Blu on Films Photo Courtesy of Johnson Barnes

Underground rap stalwart Blu just released the Amnesia EP, so it makes sense that some of his favorite movies deal with imaginative matters of the mind.

We sat down with the mentally sharp artist as he revealed his Top 5 Movies of all time.

Eternal Sunshine of the Spotless Mind (2004)

Blu: Eternal Sunshine is probably the best screenplay ever written, next to The Matrix. The screenplay was genius. To have a center, in the very near future, a place where you can go to erase your memory is kind of amazing. 

To think of something so simple as that, but to put it in such a realistic context visually was incredible. Also, the psychic side of how [director Michel] Gondry was able to convert what [writer Charlie] Kaufman wrote and to actually film what Kaufman wrote was amazing.

Kaufman wrote some crazy-ass shit. For Gondry to take it there without doing the whole movie with a green screen is pretty dope, especially such a simply twisted plot like that.

The Matrix (1999)

Blu: The Matrix is one of the best films ever shot. That’s why I think it was amazing, let alone the story. It was just raw.

A lot of the sequels were heavily CGI graphic-ed out the game. But the original had the best storyline and I think it’s probably one of the deepest films ever made, just as far as psychology behind The Matrix, just being able to differ between two worlds and introducing another world through psychics.

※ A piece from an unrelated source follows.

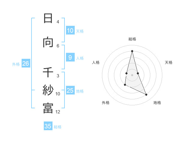 日向 千紗富さんを姓名の画数から五運を鑑定

That your mind opens up the doors to another world that other people are actually connected to is pretty amazing and pretty crazy.

Punch-Drunk Love (2002)

Blu: That was a dope low-key movie, to take such a humorous actor like Adam Sandler and give him such a serious role. I enjoyed Adam Sandler’s character. He’s a very humble, quiet dude. 

It’s almost like he had tourette [syndrome], but instead of yelling out obscene shit, he would say something meaningful on accident, or do something on accident that made so much sense. But for the most part, he was like an introvert, a recluse.

It was filmed amazingly by [director Paul Thomas] Anderson. That was my favorite movie of his.

Putney Swope (1969)

Blu: It’s an amazing film. I think it’s the greatest blacksploitation film. I thought it was really crazy that Robert Downey Sr. directed it. They put a black dude who was a janitor in charge of a very small portion of a corporation.

The president dies and the black dude, by the flip of a coin, runs the entire company. The entire movie is about what he does with the company. That’s just a powerful film to me, especially since it came out in the early ‘70s.

I appreciated how daring Robert Downey Sr. was to make a move like that and how relevant that became to our future with Russell Simmons and Puff Daddy being able to build their own corporations. Black entrepreneurship grew through the Spike Lees and people like that, so it was a lot of foreshadowing of our very near future.

It was a dope, daring film. It wasn’t like Black Jesus or Black Mustafa. It was more in-depth and it was filmed way iller. It was a dope signature film for that time period.

Putney Swope on

Rockers (1978)

Blu: I want to be that dude hopping on a motorcycle driving through the Village selling my vinyl to people hand by hand, smoking blunts with Sly & Robbie. Me being a music head, there’s a lot of films for people in music like Wild Style and Krush Groove that were based on the music scene that had to do with the actual artists in the film. 

The scenery in Rockers invites you into a new culture and just puts you up on how they live and how relevant music is to the character’s life, how he makes [reggae] music feed his family.